Updated: 12 Sep 2011 | 6 comments
Jamit's picture
Jamit
0 0 Votes
Login to vote
This issue has been solved. See solution.

Hi All,

We have been experiencing some problems with LiveUpdate that Tech Support have not been able to resolve for us. I am looking at client LiveUpdate log files 

(C:\Documents and Settings\All Users\Application Data\Symantec\LiveUpdate\Log.LiveUpdate) and I am looking for some resources that would be able to help me interperate the contents of the log file. I have had a look at the LiveUpdate Administrator Getting Started Guide.pdf and that has no information on what I seek. Does anyone know if there are any guides around for trouble shooting the LU logs?

LU Server is 2.2

LU Client 3.3

SEPM 11 RU6 MP3

SEP Clients RU4 --> RU6 MP2

Client OS WinXP SP3

 

Thanks 

Discussion Filed Under:
, ,

Comments

Rafeeq's picture
07
Sep
2011
0 Votes 0
Login to vote
Rafeeq

hi

this has all the steps

 

Symantec Endpoint Protection: LiveUpdate Troubleshooting Flowchart

 

http://www.symantec.com/business/support/index?page=content&id=TECH95790

Please don't forget to mark your thread solved with whatever answer helped you : ) Rafeeq

Mick2009's picture
08
Sep
2011
2 Votes +2
Login to vote
Mick2009
Symantec Employee

LUA 2.x Issue-?

Hi Jamit,

Are you having trouble getting the SEPM to update its definitions from the LUA 2.x server?  Or the SEP clients?  (Or both?)

> LU Server is 2.2

The very first thing that I recommend is to get that server uopgraded to LUA 2.3!

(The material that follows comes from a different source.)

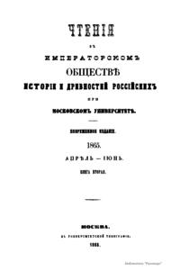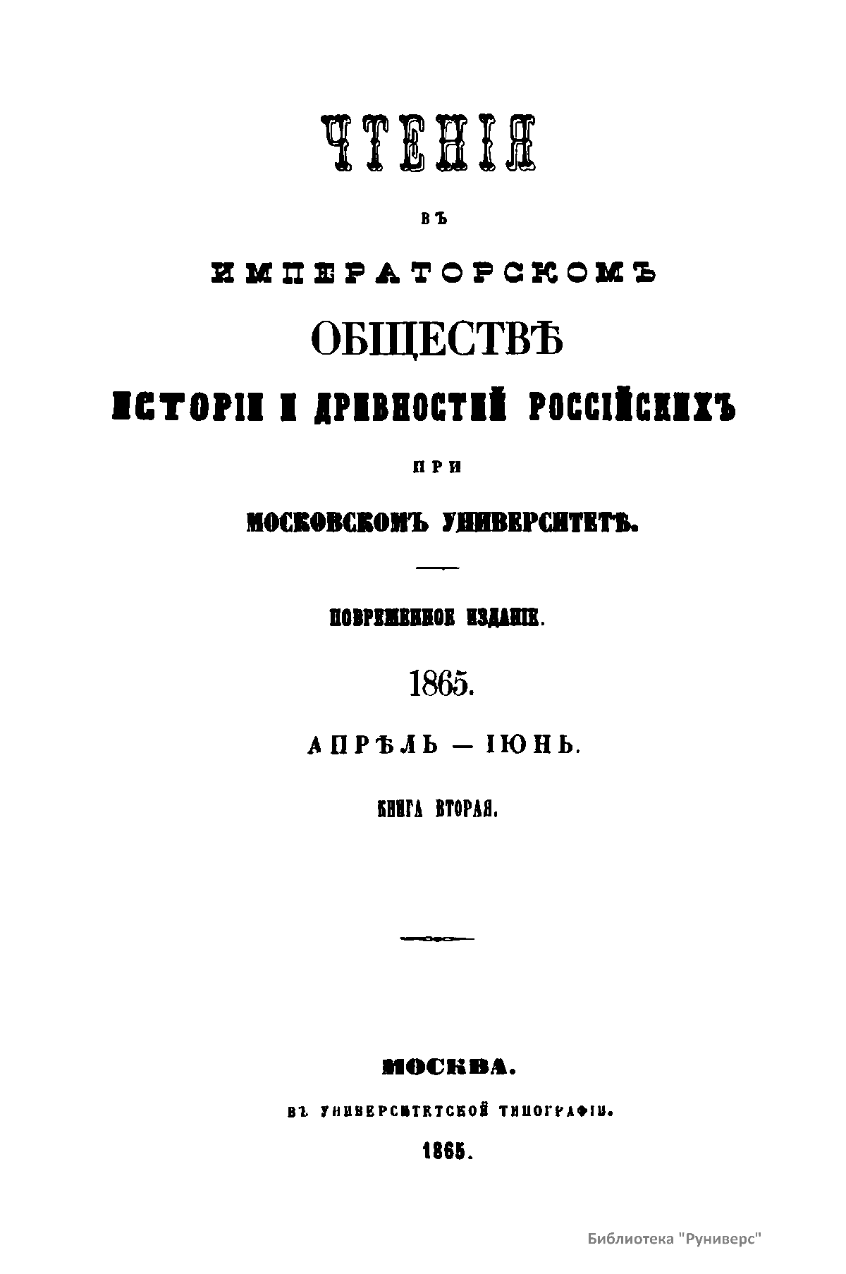 Чтенiя въ Императорскомъ Обществѣ Исторiи и Древностей Россiйскихъ при Московскомъ Университетѣ. 1865. Апрѣль-Iюнь. Книга вторая

LiveUpdate Administrator 2.3: What's New
 
 

New features and enhancements in LUA 2.3:

  • Rapid configuration export and restore.
  • LUA’s download tasks can now automatically resume and retry file downloads.
  • Event driven email notification (with SMTP authentication support) to notify user(s) in case of download/distribution failures.
  • Ability to auto-start a distribution task after a specified download task.
  • Automatic LUA database maintenance, to ensure reliable and responsive operations.
  • Partially completed download and distribution tasks now show an accurate percentage of completion via the activity monitor.
  • Fast access to Symantec’s LUA best practice recommendations provided via the install wizard and program menu.
  • Optimized load times for the LUA console home page and event log (from several minutes to few seconds)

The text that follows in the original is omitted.